The line with "Diamond Home USA", the line with "Flot antik intakt", and all lines between them in the material below: return these exactly, and no others.
*** Opening SUPPLIED INFORMATION ***
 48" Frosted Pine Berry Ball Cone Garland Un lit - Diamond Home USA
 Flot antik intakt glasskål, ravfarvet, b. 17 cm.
*** Closing SUPPLIED INFORMATION ***
*** Opening SUPPLIED INFORMATION ***
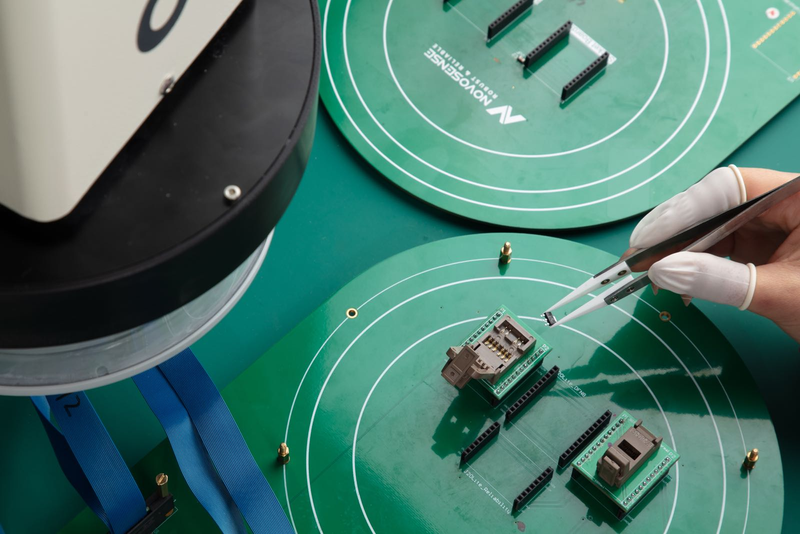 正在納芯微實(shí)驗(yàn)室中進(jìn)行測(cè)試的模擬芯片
*** Closing SUPPLIED INFORMATION ***
■ WRITTEN RESPONSE:
 48" Frosted Pine Berry Ball Cone Garland Un lit - Diamond Home USA
 Flot antik intakt glasskål, ravfarvet, b. 17 cm.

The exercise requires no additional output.